### Dataset excerpts

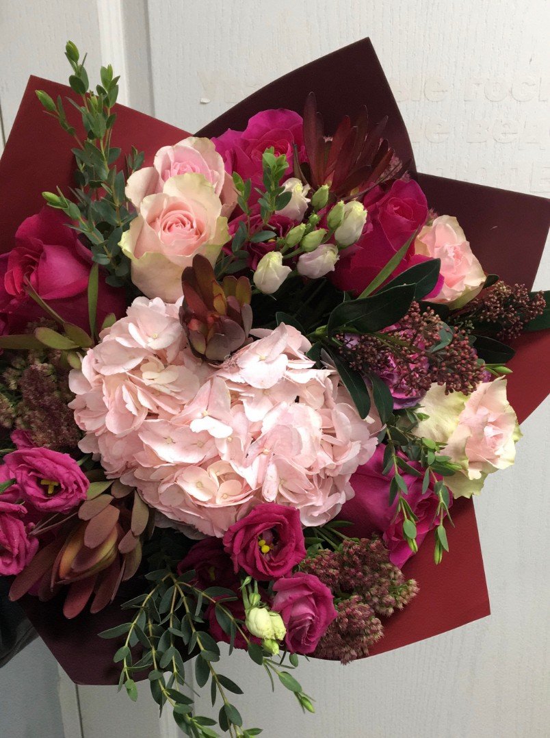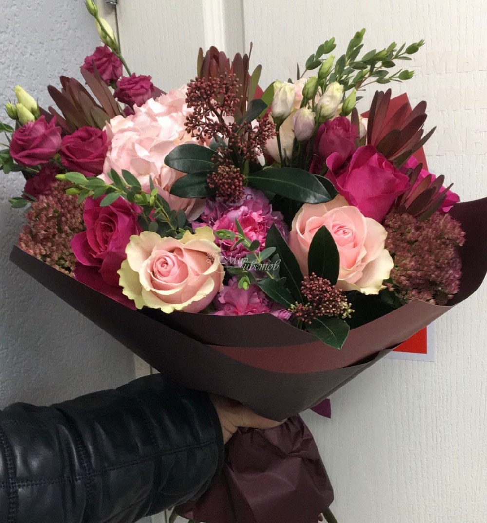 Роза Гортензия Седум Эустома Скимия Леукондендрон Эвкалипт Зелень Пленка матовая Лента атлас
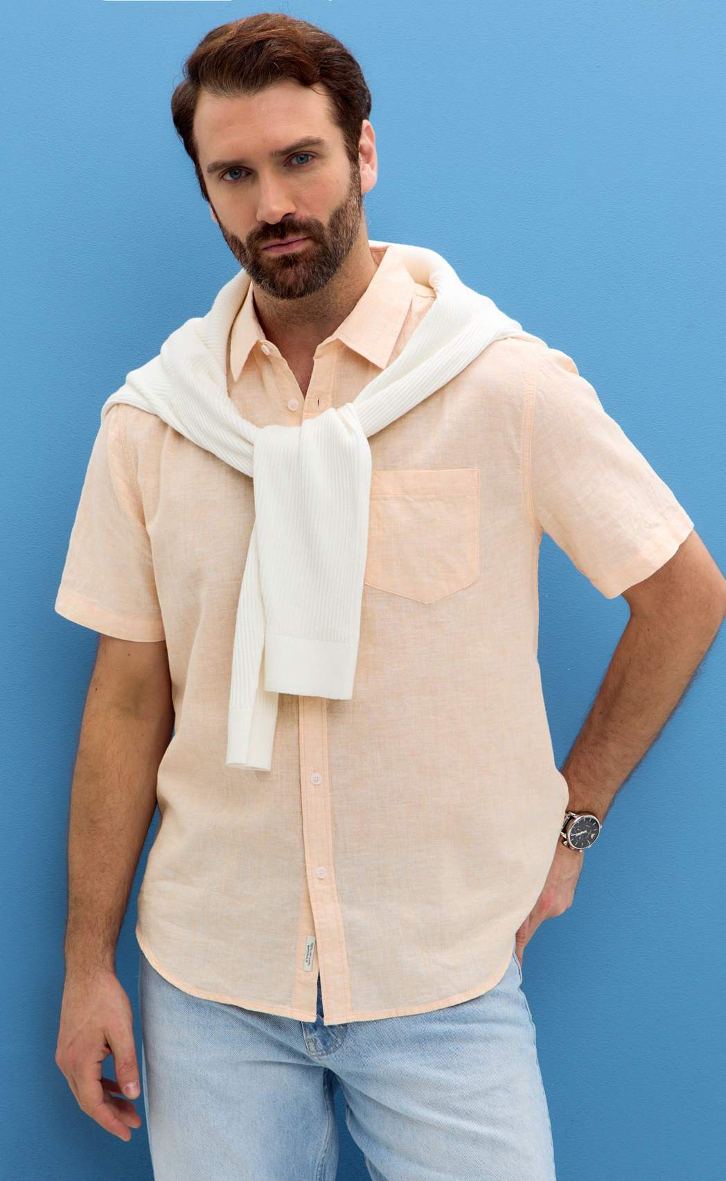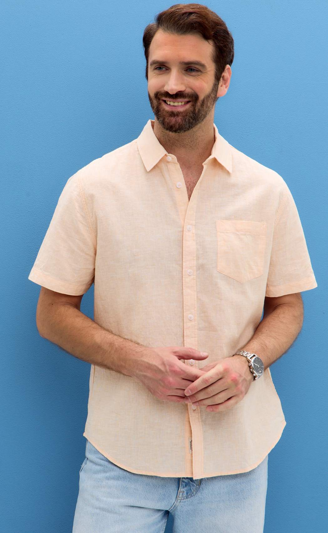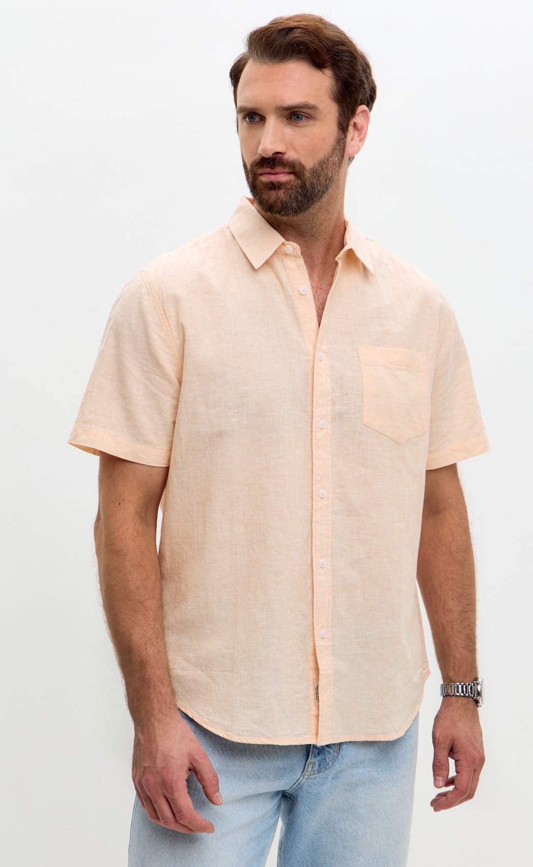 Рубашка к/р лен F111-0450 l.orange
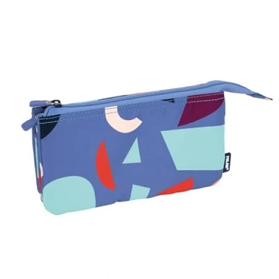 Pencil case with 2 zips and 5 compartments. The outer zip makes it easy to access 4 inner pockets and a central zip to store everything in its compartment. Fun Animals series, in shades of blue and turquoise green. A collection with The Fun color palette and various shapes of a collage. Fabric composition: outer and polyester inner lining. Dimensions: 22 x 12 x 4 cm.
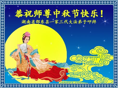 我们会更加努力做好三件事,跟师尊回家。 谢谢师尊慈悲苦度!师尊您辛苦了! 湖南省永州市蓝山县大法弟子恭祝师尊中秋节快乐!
...
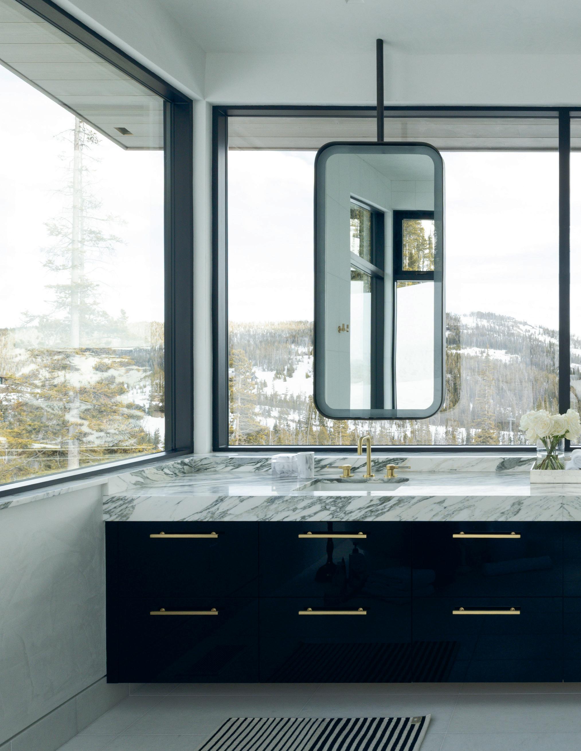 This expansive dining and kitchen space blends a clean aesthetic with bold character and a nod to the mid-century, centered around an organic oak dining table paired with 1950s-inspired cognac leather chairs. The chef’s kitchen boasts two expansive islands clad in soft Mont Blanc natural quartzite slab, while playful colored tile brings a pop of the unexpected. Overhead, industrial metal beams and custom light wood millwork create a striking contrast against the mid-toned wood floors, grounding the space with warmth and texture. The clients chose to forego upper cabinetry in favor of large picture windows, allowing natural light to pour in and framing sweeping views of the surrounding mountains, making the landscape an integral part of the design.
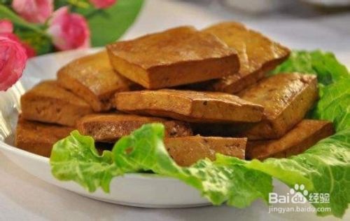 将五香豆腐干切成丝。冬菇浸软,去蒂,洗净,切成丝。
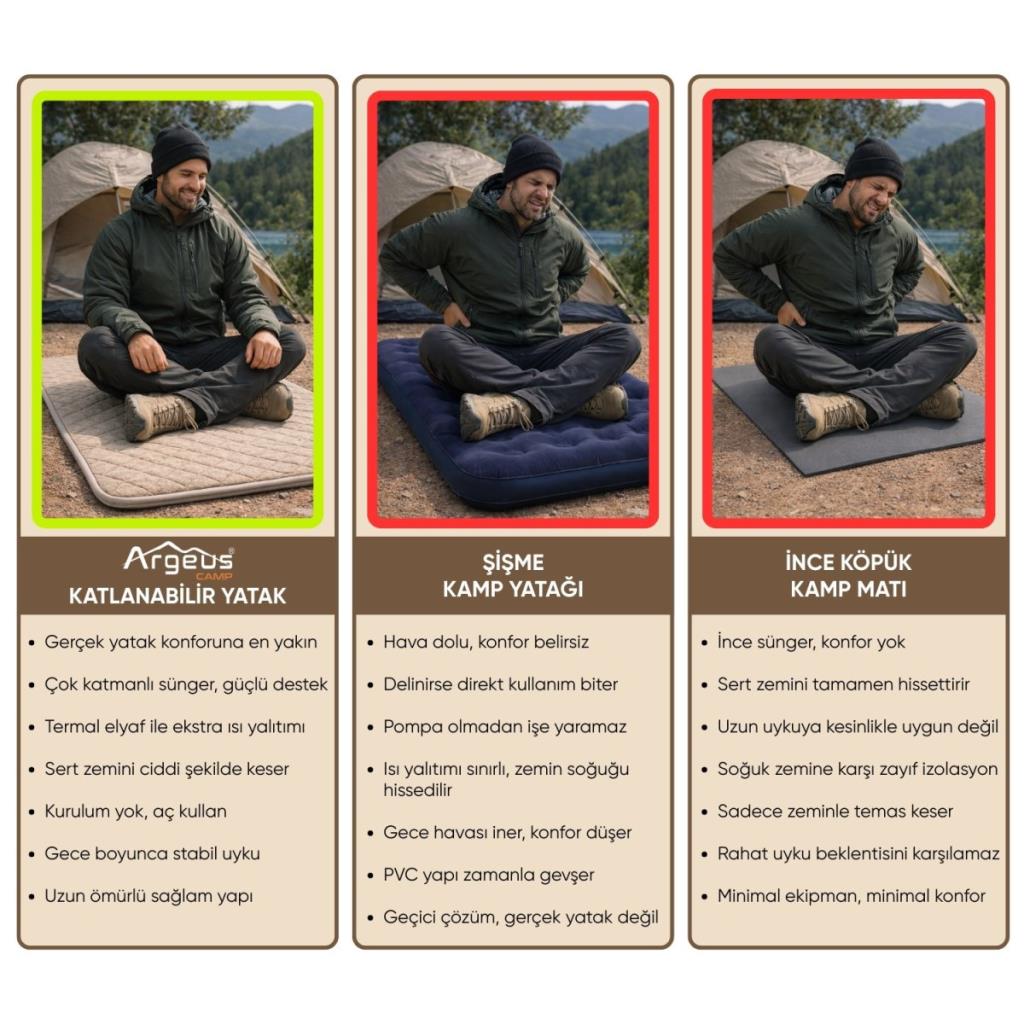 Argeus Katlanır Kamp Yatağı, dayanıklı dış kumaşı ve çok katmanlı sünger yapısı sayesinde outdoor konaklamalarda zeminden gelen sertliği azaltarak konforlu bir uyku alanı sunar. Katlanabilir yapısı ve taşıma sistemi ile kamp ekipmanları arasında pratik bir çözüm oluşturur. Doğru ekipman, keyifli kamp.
---
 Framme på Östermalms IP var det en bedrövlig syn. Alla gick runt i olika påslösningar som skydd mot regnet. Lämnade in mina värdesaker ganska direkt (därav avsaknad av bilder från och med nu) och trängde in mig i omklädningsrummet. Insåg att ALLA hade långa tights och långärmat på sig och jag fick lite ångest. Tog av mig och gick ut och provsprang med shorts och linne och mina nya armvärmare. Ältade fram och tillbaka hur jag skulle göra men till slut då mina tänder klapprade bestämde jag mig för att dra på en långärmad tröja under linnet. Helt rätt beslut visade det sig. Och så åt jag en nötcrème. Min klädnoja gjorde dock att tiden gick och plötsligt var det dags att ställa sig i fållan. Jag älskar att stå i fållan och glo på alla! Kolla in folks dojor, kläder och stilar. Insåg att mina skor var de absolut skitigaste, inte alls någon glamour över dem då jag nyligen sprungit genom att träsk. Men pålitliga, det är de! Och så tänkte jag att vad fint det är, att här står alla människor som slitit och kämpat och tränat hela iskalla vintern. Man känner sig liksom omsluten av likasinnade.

### Task objective
Restate the lines above from the one containing "Роза Гортензия Седум" through the one containing "我们会更加努力做好三件事,跟师尊回家。 谢谢师尊慈悲苦度!师尊您辛苦了! 湖南省永州市蓝山县大法弟子恭祝师尊中秋节快乐!", inclusive, exactly and without pictures.

### Solved problem
 Роза Гортензия Седум Эустома Скимия Леукондендрон Эвкалипт Зелень Пленка матовая Лента атлас
 Рубашка к/р лен F111-0450 l.orange
 Pencil case with 2 zips and 5 compartments. The outer zip makes it easy to access 4 inner pockets and a central zip to store everything in its compartment. Fun Animals series, in shades of blue and turquoise green. A collection with The Fun color palette and various shapes of a collage. Fabric composition: outer and polyester inner lining. Dimensions: 22 x 12 x 4 cm.
 我们会更加努力做好三件事,跟师尊回家。 谢谢师尊慈悲苦度!师尊您辛苦了! 湖南省永州市蓝山县大法弟子恭祝师尊中秋节快乐!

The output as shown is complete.